Third Speaker. Patrice Sulton, the Founder and Executive Director of the DC Justice Lab, spoke next.REF A career criminal-defense attorney in the District, Sulton shut down her practice in 2018 to join the CCRC full time before leaving there to head up DC Justice Lab.REF Schindler asked Sulton for her opinion on the most critical revisions to the code, and her expectations of what the impact of these revisions would be on this “system of injustice.” Sulton said that James Foreman was correct, that the laws on the books from 30 or 40 years ago are the “result of a lack of imagination.” Picking up on the theme embedded throughout the symposium, Sulton said that “we still have laws on the books that are the direct result of explicit racism.”REF
The larger impact of the reforms “will be felt at the misdemeanor level because that’s oftentimes where there is the greatest opportunity for civil rights violations and police abuses.”
Fourth Speaker. Paul Butler came next.REF Butler praised the “hard work of the staff,” saying it was “good government at its best.” Butler said that he had two reactions to the code reforms: one as a “geeky law professor” and the other “as a black male citizen of the District of Columbia who many years ago was arrested for a crime I didn’t commit.”

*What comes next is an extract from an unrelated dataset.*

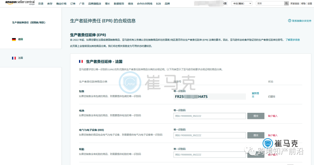 亚马逊法国包装法UIN自助注册教程

Speaking as a law professor, Butler said “thank God” for the revisions. Butler said that he tells his law students at Georgetown University that “we have the best trial courts in the country, public defender service in the United States, [and] our U.S. Attorney’s Office is the most diverse.” Butler’s opinion is not backed up by any data.
Collectively, the authors of this Legal Memorandum have practiced in seven different jurisdictions, including in three states, D.C., and the U.S. military: We beg to differ. One author practiced in the District of Columbia as an Assistant United States Attorney and found the Superior Court trial courts to be barely functional compared to others before whom he practiced; he found the public defender’s office to be average compared to others against whom he litigated; and he found the U.S. Attorney’s Office to be poorly managed and lacking in viewpoint diversity.
Butler noted that as a black man, when visiting the Superior Court in D.C., one “would think that white people don’t commit crimes. White people are around 45 percent of the population of the District of Columbia. But they’re [white people] utterly absent from the criminal court. You would think white people don’t use drugs, they don’t get into fights, they don’t steal, but black people, ‘those are some bad dudes.’”REF The recommendations “would make a dent…and they would expand jury demandability for misdemeanors.”
Butler argued that most jurisdictions require jury trials for misdemeanors, neglecting to mention that in neighboring Maryland and Virginia, many misdemeanors are tried, in the first instance, before a judge alone.REF In Maryland, if convicted by the judge of a misdemeanor, the defendant can appeal his case, de novo, to the next trial level court, called the Circuit Court.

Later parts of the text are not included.